Photo: John O’M. Bockris from the 2013 History of Cold Fusion Calendar month of April courtesy Infinite Energy.
He was one of the first few scientists to detect tritium from cold fusion electrolytic cells while reproducing the Fleischmann-Pons Effect (FPE) of excess heat, and he paid a price for it. Accused of fraud, and then “misconduct”, Texas A&M University’s Committee of Inquiry eventually cleared of all charges after a third and final investigation turned up no wrongdoing.

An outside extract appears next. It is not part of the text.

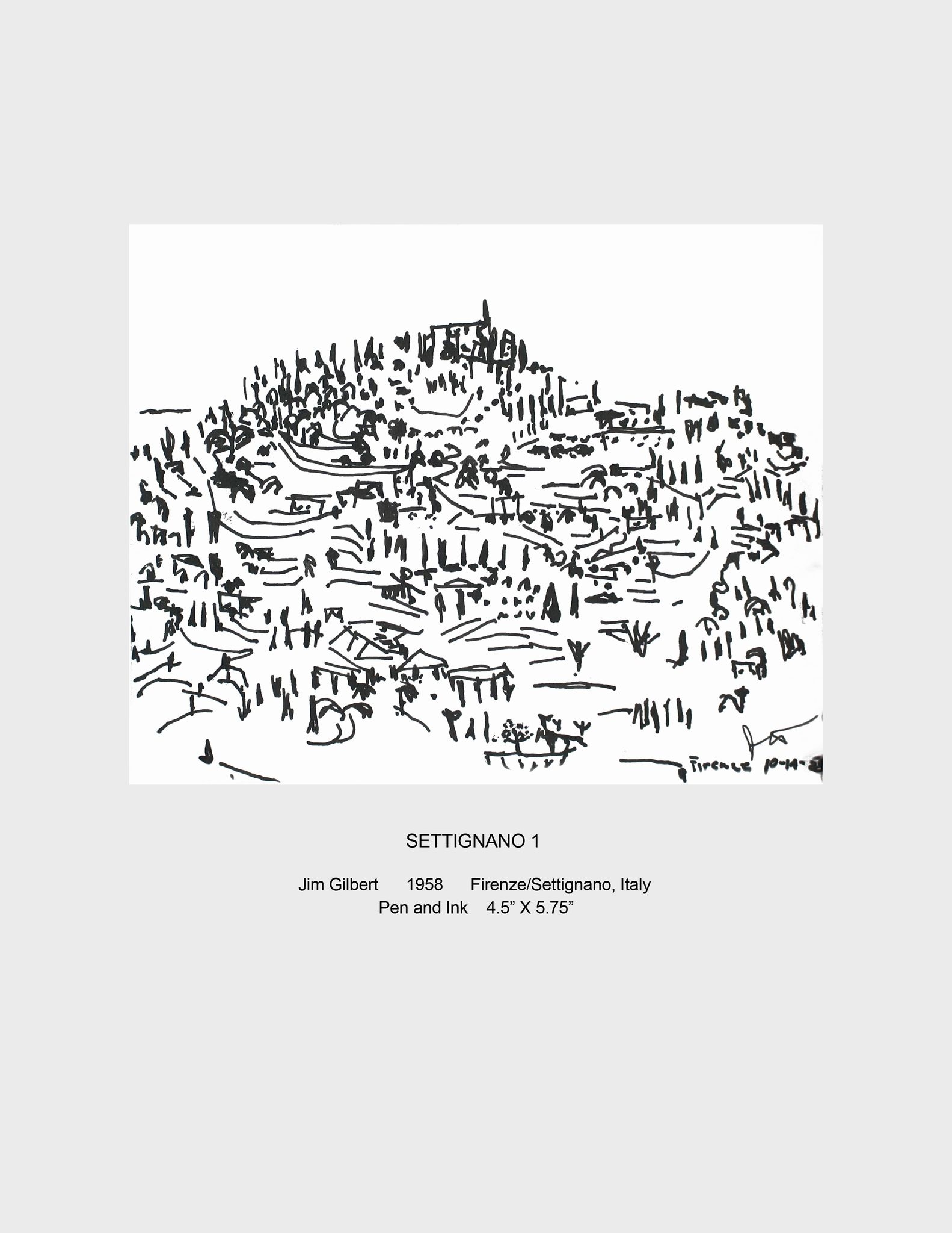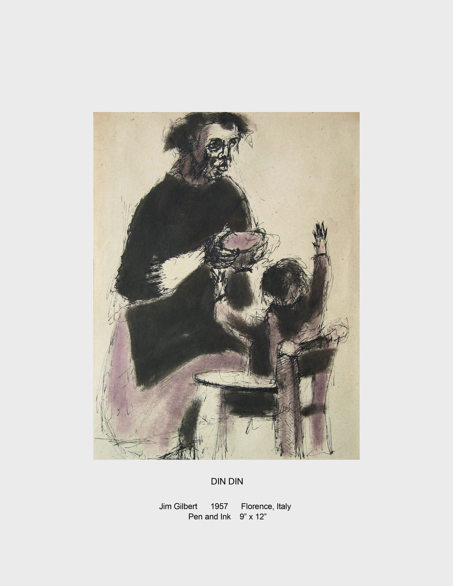 I produced a great many pen and ink drawings from 1956-59 when I lived in Perugia, Florence and Settignano, Italy; Berlin, Germany, and Vienna, Austria. This time was devoted to working with subjects that existed in the objective world including landscapes, musicians, the circus, friends, street life, and my family. Many of the drawings from this period were done on 16-18th century paper.

Still, an early workshop on transmutations, documented in The History of the Discovery of Transmutation at Texas A&M University [.pdf] written by Bockris, was organized in an atmosphere so hostile, the second workshop was held off-campus at a Holiday Inn, with off-duty police hired for security.
However, Bockris told his own story in the documentary film Cold Fusion: Fire from Water written by Eugene Mallove and Jed Rothwell and directed by Chris Toussaint.
Released in 1999, Bockris speaks nonchalantly as a man at-ease who was nonplussed at the events.
“I think the main part was that, I had done work which was against the paradigm, and that’s what they were really upset about,” said Bockris.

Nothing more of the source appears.